The film packs plenty of resonating themes in a short timeframe, which is fitting for the overall message this story conveys about time itself. The relationship drawn between the concept of time travel and the fragility of life is beautifully depicted. The concept never overpowers the story; it has the opposite effect, where the characters and the family dynamics ground the sci-fi elements. Pasta’s direction, in addition to the screenplay he co-wrote with Nessa Aref, highlights intimate moments of being alone with your thoughts. You spend enough time with Imran’s character to understand he is quietly processing different stages of grief — from regret and anxiety, to much deeper realizations and his urge to understand as much about his dad as possible when presented the opportunity. Time travel as a plot device is used so intimately here, and is a touching reminder that the very concept of time after losing a loved one can be indistinguishable. Days blend together and before you know it, a year has passed. The abyss of grief can feel as though life has come to a standstill. “Desi Standard Time Travel” hits pause on the fast-forwarding of life in its unwavering focus on a father and son opening up to each other. Their emotional vulnerability, played beautifully by Adolyn H. Dar and Ali Kazmi, invites you to reflect on how present you are with your own loved ones.
Which particular moment in your parents’ life would you revisit, or want to learn more about? “Desi Standard Time Travel” poses just as many if not more questions than answers. Through an intimate use of the time travel concept, the film shines at its own pace and sparks moments of personal reflection. It’s a deeply personal story of second chances, new beginnings, and making memories full of joy. The decision to take the story back to before Imran was born stresses his parents’ individuality and particularly his father’s nerves about becoming a parent. The nostalgic warmth that radiates from Imran’s childhood home conveys a home full of love and possibility for what the next day will bring. "Desi Standard Time Travel" leaves you in a state of deep appreciation and wonder for the most cherished relationships in life.
“Desi Standard Time Travel” has screened across film festivals in Canada, and won a variety of awards including Best Short at Toronto Reel Asian. The film is currently in contention for a Canadian Screen Award this year; nominations will be announced on February 22.
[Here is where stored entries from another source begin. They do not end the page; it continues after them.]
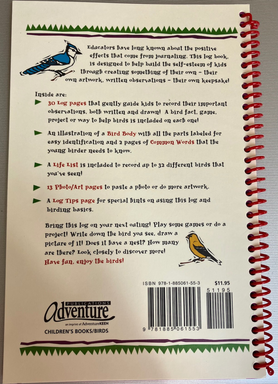 Bird Log Kids by DeAnna Ortiz Brandt. A kid’s journal to record their birding experiences. Soft-cover, spiral-bound. Includes tips for keeping a journal, bird body parts and facts, and common words associated with birding.
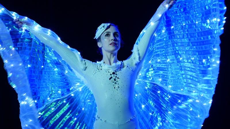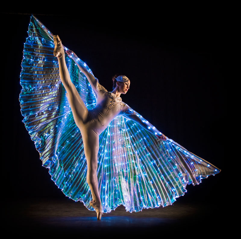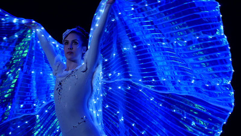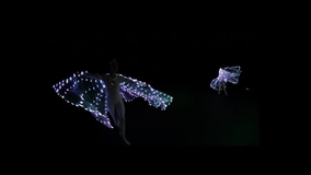 These dancers merge dazzling light visuals with captivating choreography on ballet pointe. Watch as their large, spiraling wings form enchanting patterns in perfect harmony. Creating geometric illusions with their expansive wing spans, our ballet dancers glide gracefully across the stage.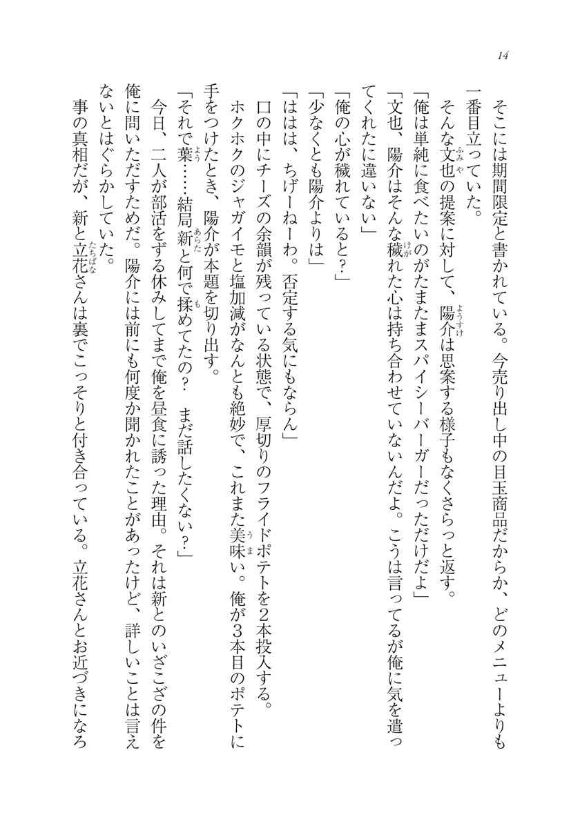 夏は少女を変える―― 新との騒動が解決し、夏休みに突入する。恋愛面でなかなか行動に移せない葉に対し、友人の文也は「アルバイトでもしたらどうだ?」と助言をする。あいりとデートをするにも、身だしなみを整えるにもお金が必要になるからだ。近所のファミレスで働くことになった葉は、そこで可愛いファミレスの制服を着たあいりと遭遇する。どうやら、“たまたま”あいりも同じ店でバイトを始めたようだ。二人の距離はどんどん縮まっていき、落ち込んだ姿を見せる千鶴。その様子を見て心配した美紀が、“あること”を千鶴に伝えるのだが――。ヒロイン達が暗躍する、新感覚ラブコメ第2弾!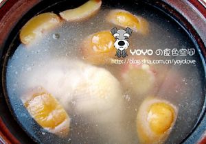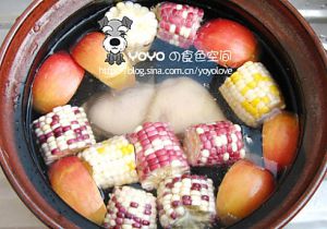 把飞过水的鸡腿和玉米、苹果,加上2000g的水一同下入瓦煲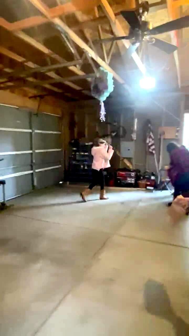 A young girl tries to swing at a pi�ata in the garage, and throws the bat that hits a young boy in the groin.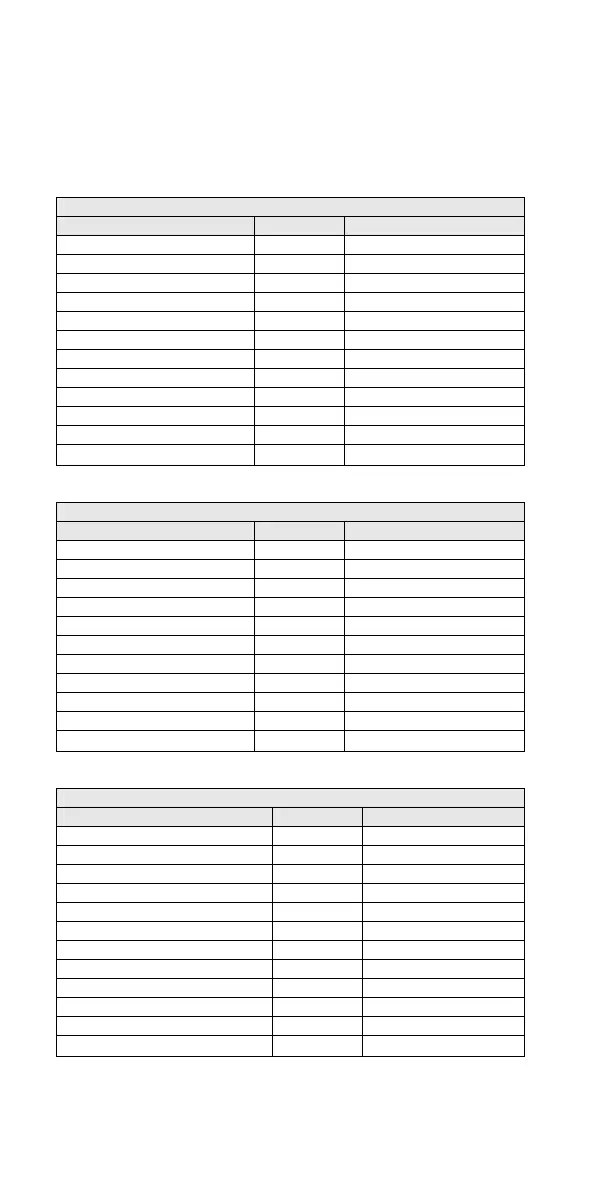 This table lists the frequency ranges, default frequency step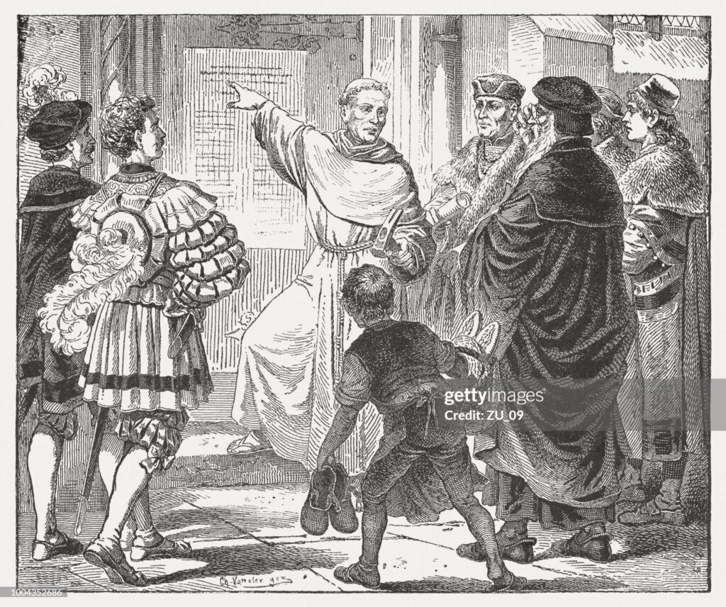 În ziua de 31 octombrie 1517, un călugăr din ordinul augustinilor și profesor la Universitatea din Wittenberg, avea să pună pe ușa din biserica din localitate (care funcționa în aceea epocă ca afișier) o listă de 95 de teze, de subiecte, prin care solicita lumii academice să dezbată o problemă de foarte mare actualitate și anume utilitatea și justețea folosirii indulgențelor. Această dată este considerată ziua de naștere a protestantismului, deși în acel moment, Luther nu a intenționat să producă o ruptură în cadrul Bisericii Catolice, dovadă că tezele au fost scrise în limba latină.
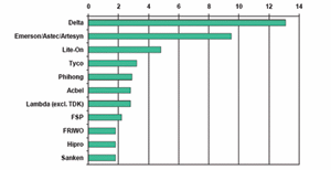 据2007年在美国举办的APEC(应用功率电子会议)会议给出的有关数据指出,全球电源市场按品牌划分如图1所示(资料来源:2007APEC会议IMS调研机构给出的有关数据(2005年全球电源市场按品牌所占的市场份额%划分))。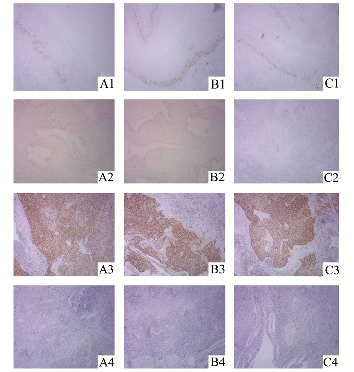 图 1 免疫组化法检测STAT3(A), Nanog(B)和HMGB1(C)在宫颈组织的表达(SP ×200) A1, B1, C1:慢性宫颈炎组织的阳性表达;A2, B2, C2:慢性宫颈炎组织的阴性表达;A3, B3, C3:宫颈癌组织的阳性表达;A4, B4, C4:宫颈癌组织的阴性表达 |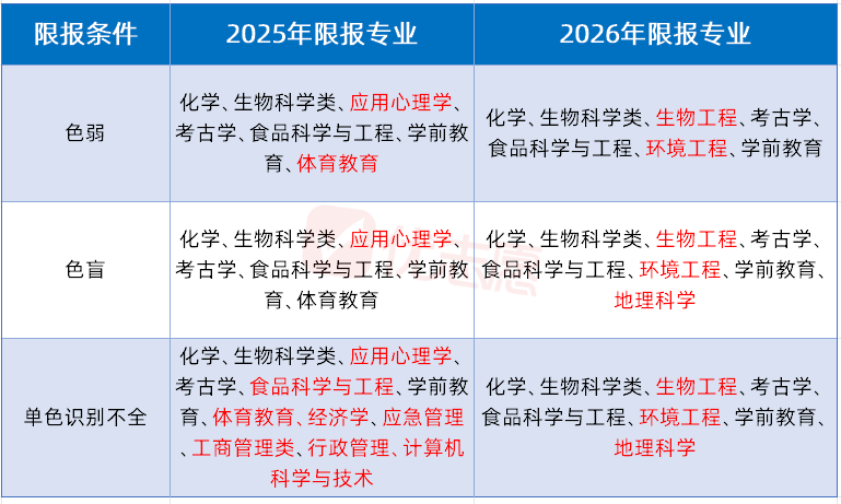 今年三类色觉异常考生的限报专业均新增了生物工程、环境工程,同时删除了体育教育、应用心理学。单色识别不全考生的限报范围大幅缩小,经济学、应急管理、工商管理类、行政管理等专业被移出限报清单,更聚焦于对颜色辨识有明确技术要求的理学、工学、历史学及学前教育等专业领域。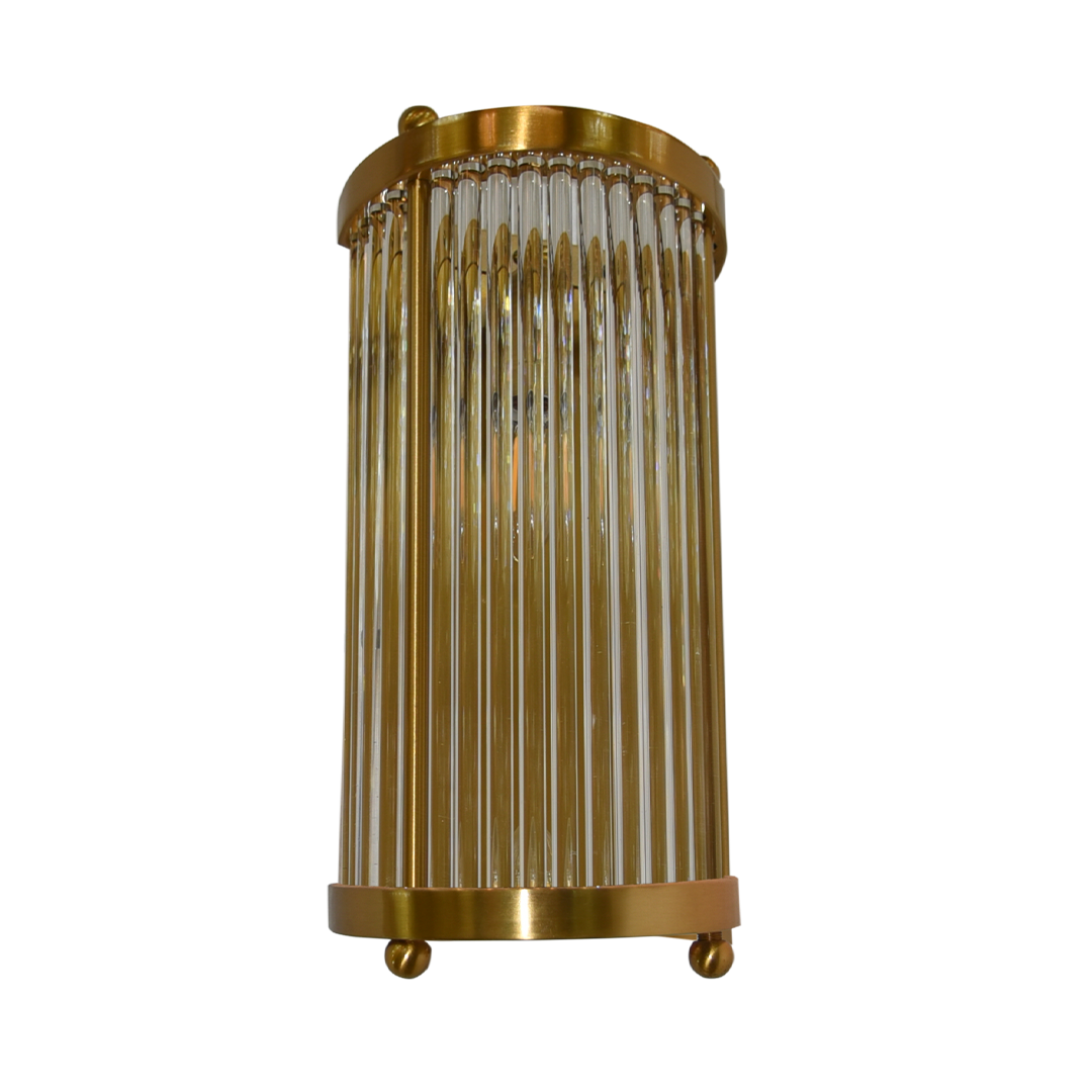 La "Lámpara Keanu" combina un diseño moderno con un toque antiguo, gracias a su vicera en vidrio horigamizado color dorado que le da un aire elegante y sofisticado. Su base cilíndrica vertical y el soporte contiguo, sujeto en los extremos, refuerzan su estilo único y contemporáneo, convirtiéndola en una pieza destacada en cualquier espacio.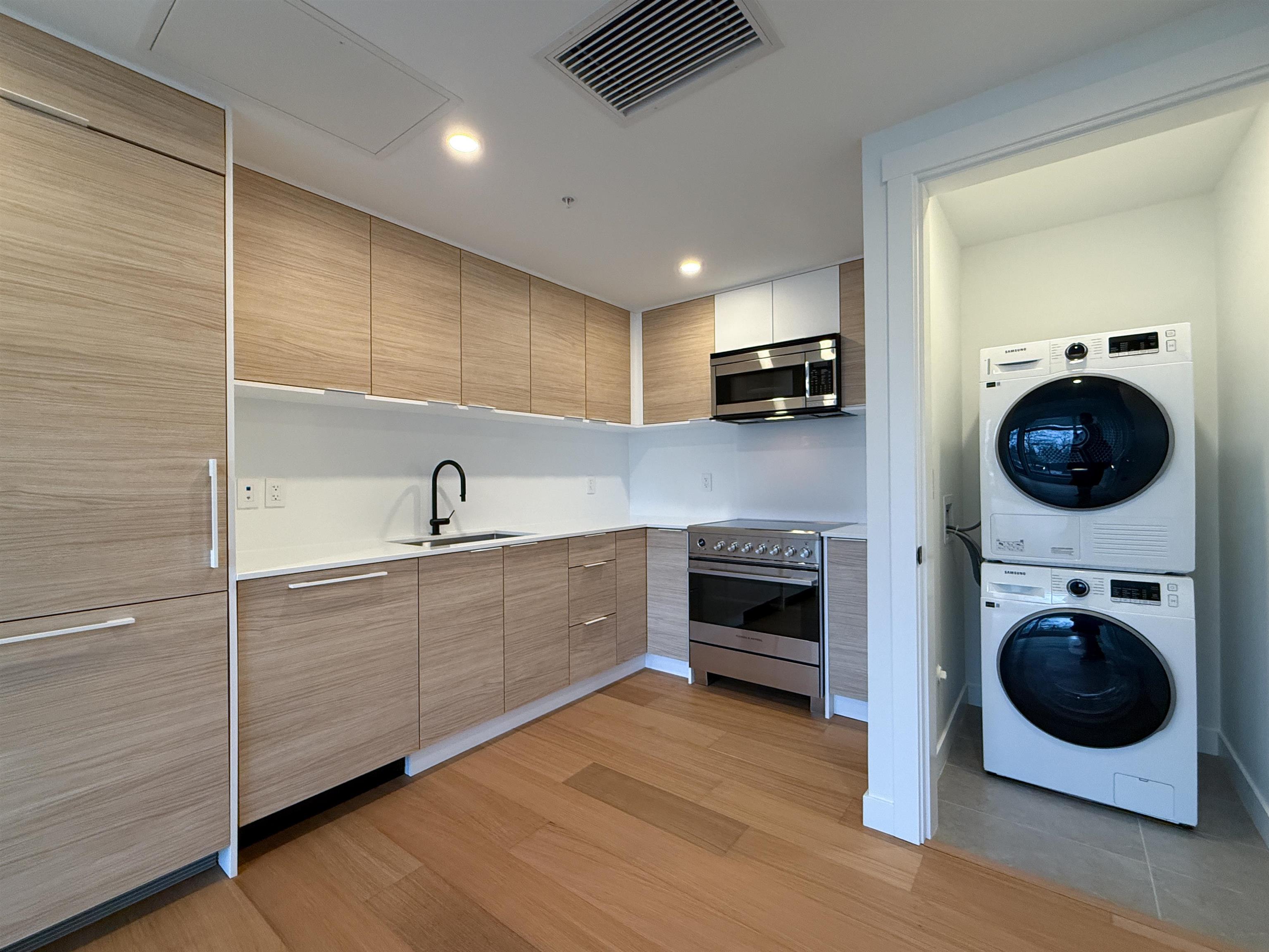 2beds+flex and 2 full baths South facing overlooking Lanagara College Green athletic fields. 784sf and 73sf ( Balcony) “AVA” -Brand new-bright south-facing 2 beds + flex, 2 baths top floor unit in front of Langara College. No unit above so it’s quiet. Versatile flex space ideal for a home office with built-in desk and closet. Private balcony with open views overlooking Langara College and green athletic fields. Features hardwood flooring, in-suite laundry, electric stove, forced-air heating & A/C. Includ...

A still from "Wendell & Wild"
From the brilliant visionary behind “Coraline,” “The Nightmare Before Christmas,” and “James and the Giant Peach” comes another dark stop-motion animation picture. Director Henry Selick is back in his element with “Wendell & Wild,” an entertaining coming-of-age fantasy that comes thirteen years after his previous film. Is it worth the wait? While not as terrifying as the button-eyed nightmare fuel in “Coraline,” the director once again proves his artistry in an awe-inspiring sub-genre of animation. His signature spooky style is crawling all over “Wendell & Wild,” which introduces an exciting collaboration between Selick and co-writer Jordan Peele for a tale of inner demons. Peele’s insightful humor and remarkable experience in the horror genre shine with something to say. There is plenty to admire in the sprawling ambition of the story, and the stunning handmade animation that brings creative ideas to life. Clever punk elements add layers to a recurring core theme of rebellion. The world-building is vivid, and the characters are fun, but the story is over-packed with subplots. “Wendell & Wild” stands out as a horror-comedy that fulfills its animated promise, only leaving you wanting more focus on the story.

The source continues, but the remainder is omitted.